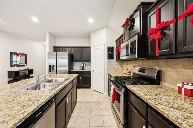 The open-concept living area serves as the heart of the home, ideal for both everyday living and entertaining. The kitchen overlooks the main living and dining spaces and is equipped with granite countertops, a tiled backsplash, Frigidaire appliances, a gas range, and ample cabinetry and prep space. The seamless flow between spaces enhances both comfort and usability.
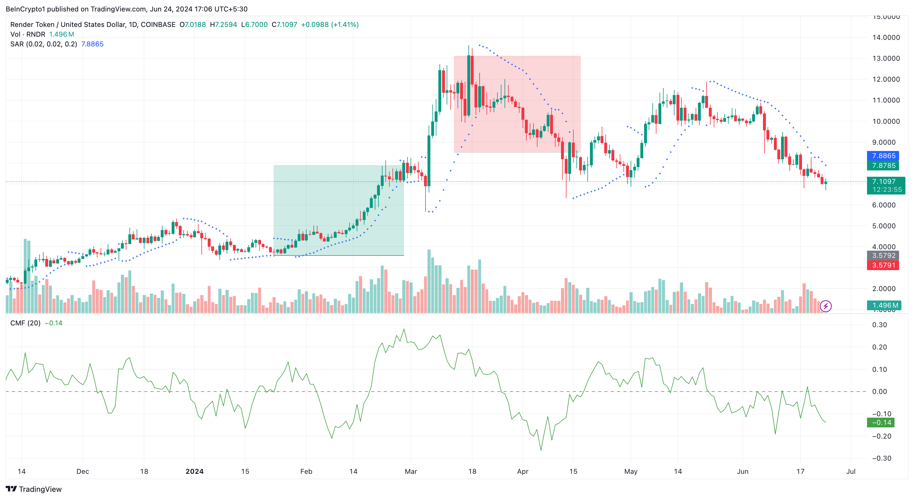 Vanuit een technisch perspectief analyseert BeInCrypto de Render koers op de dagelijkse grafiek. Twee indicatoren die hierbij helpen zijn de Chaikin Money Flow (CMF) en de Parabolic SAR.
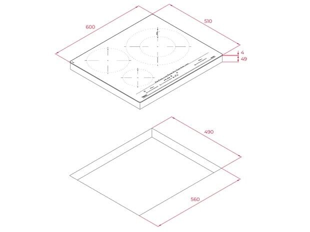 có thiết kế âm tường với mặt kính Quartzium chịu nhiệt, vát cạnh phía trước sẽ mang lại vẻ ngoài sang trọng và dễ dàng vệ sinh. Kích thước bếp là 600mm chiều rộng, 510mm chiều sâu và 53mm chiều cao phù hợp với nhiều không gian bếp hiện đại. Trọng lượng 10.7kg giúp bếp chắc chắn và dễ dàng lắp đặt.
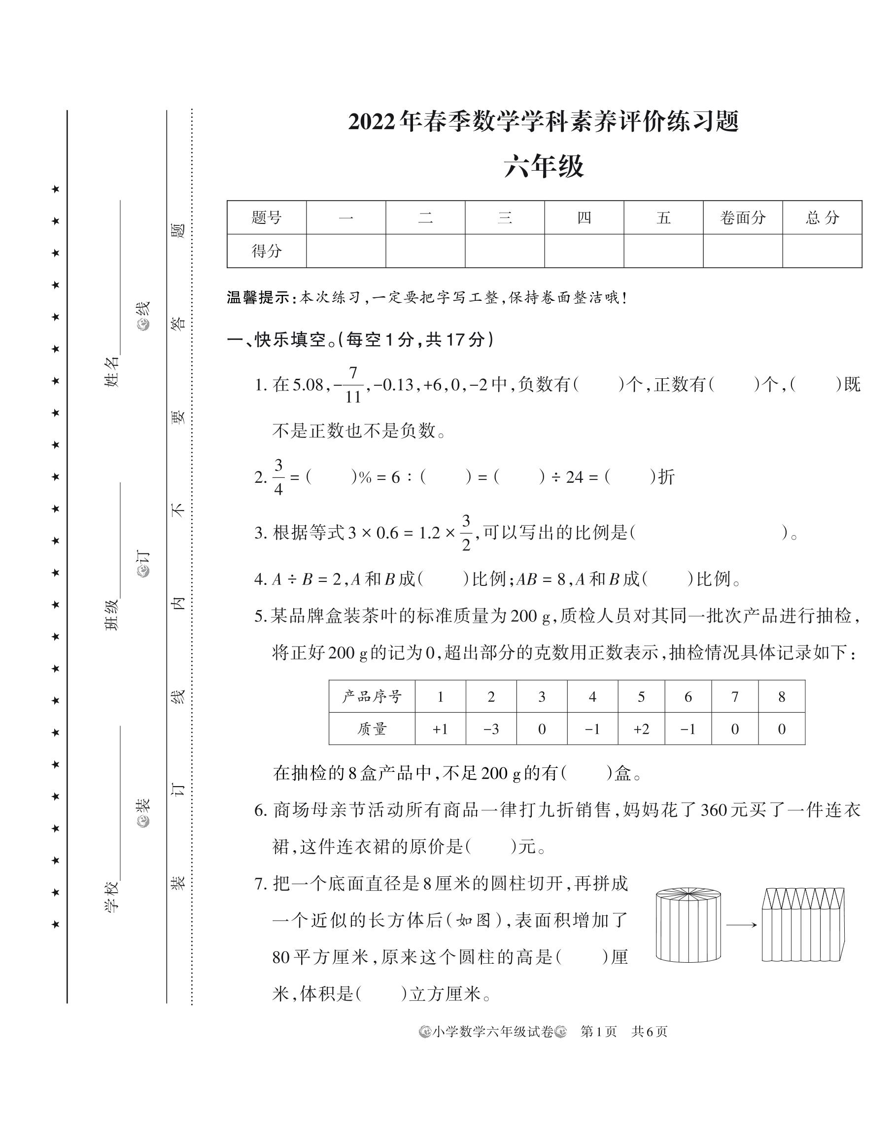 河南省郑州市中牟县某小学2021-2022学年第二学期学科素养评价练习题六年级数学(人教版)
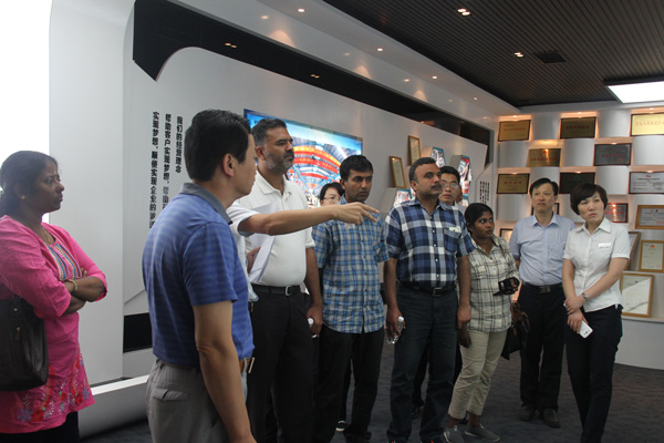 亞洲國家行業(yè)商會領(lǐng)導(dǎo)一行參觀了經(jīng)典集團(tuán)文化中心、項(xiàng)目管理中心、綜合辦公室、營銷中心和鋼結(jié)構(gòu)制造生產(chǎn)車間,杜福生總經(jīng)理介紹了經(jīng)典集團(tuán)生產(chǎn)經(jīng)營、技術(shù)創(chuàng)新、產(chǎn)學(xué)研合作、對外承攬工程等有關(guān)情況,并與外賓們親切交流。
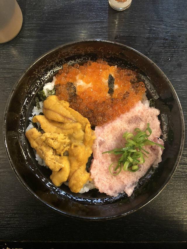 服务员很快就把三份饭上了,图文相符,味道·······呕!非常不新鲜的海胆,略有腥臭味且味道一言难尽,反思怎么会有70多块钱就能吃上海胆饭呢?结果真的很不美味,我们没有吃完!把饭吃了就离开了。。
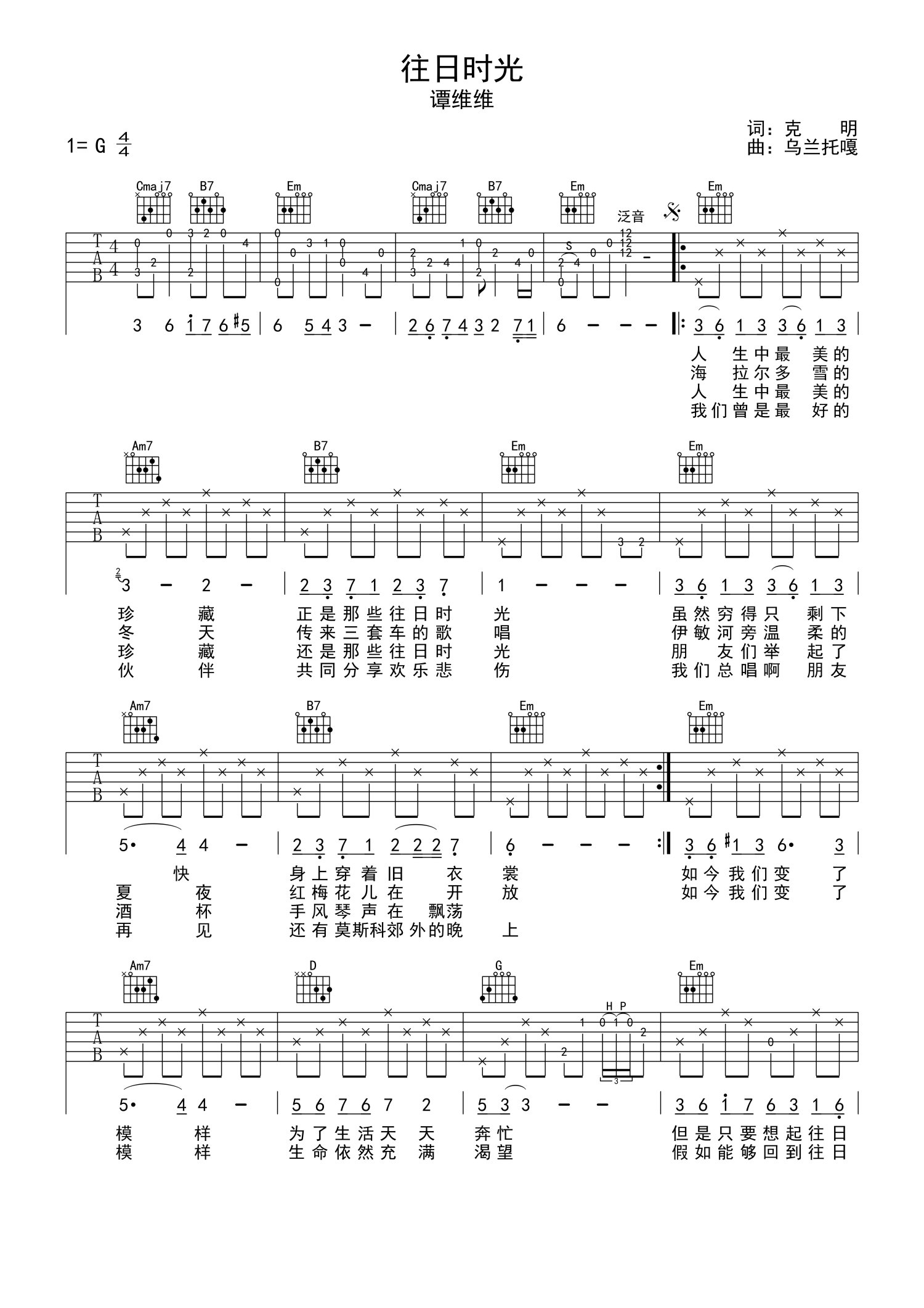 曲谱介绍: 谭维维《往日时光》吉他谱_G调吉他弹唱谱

* * * * *

#### TASK DESCRIPTION
Except for the pictures, please retype the listing above exactly.

#### SOLUTION
 The open-concept living area serves as the heart of the home, ideal for both everyday living and entertaining. The kitchen overlooks the main living and dining spaces and is equipped with granite countertops, a tiled backsplash, Frigidaire appliances, a gas range, and ample cabinetry and prep space. The seamless flow between spaces enhances both comfort and usability.
 Vanuit een technisch perspectief analyseert BeInCrypto de Render koers op de dagelijkse grafiek. Twee indicatoren die hierbij helpen zijn de Chaikin Money Flow (CMF) en de Parabolic SAR.
 có thiết kế âm tường với mặt kính Quartzium chịu nhiệt, vát cạnh phía trước sẽ mang lại vẻ ngoài sang trọng và dễ dàng vệ sinh. Kích thước bếp là 600mm chiều rộng, 510mm chiều sâu và 53mm chiều cao phù hợp với nhiều không gian bếp hiện đại. Trọng lượng 10.7kg giúp bếp chắc chắn và dễ dàng lắp đặt.
 河南省郑州市中牟县某小学2021-2022学年第二学期学科素养评价练习题六年级数学(人教版)
 亞洲國家行業(yè)商會領(lǐng)導(dǎo)一行參觀了經(jīng)典集團(tuán)文化中心、項(xiàng)目管理中心、綜合辦公室、營銷中心和鋼結(jié)構(gòu)制造生產(chǎn)車間,杜福生總經(jīng)理介紹了經(jīng)典集團(tuán)生產(chǎn)經(jīng)營、技術(shù)創(chuàng)新、產(chǎn)學(xué)研合作、對外承攬工程等有關(guān)情況,并與外賓們親切交流。
 服务员很快就把三份饭上了,图文相符,味道·······呕!非常不新鲜的海胆,略有腥臭味且味道一言难尽,反思怎么会有70多块钱就能吃上海胆饭呢?结果真的很不美味,我们没有吃完!把饭吃了就离开了。。
 曲谱介绍: 谭维维《往日时光》吉他谱_G调吉他弹唱谱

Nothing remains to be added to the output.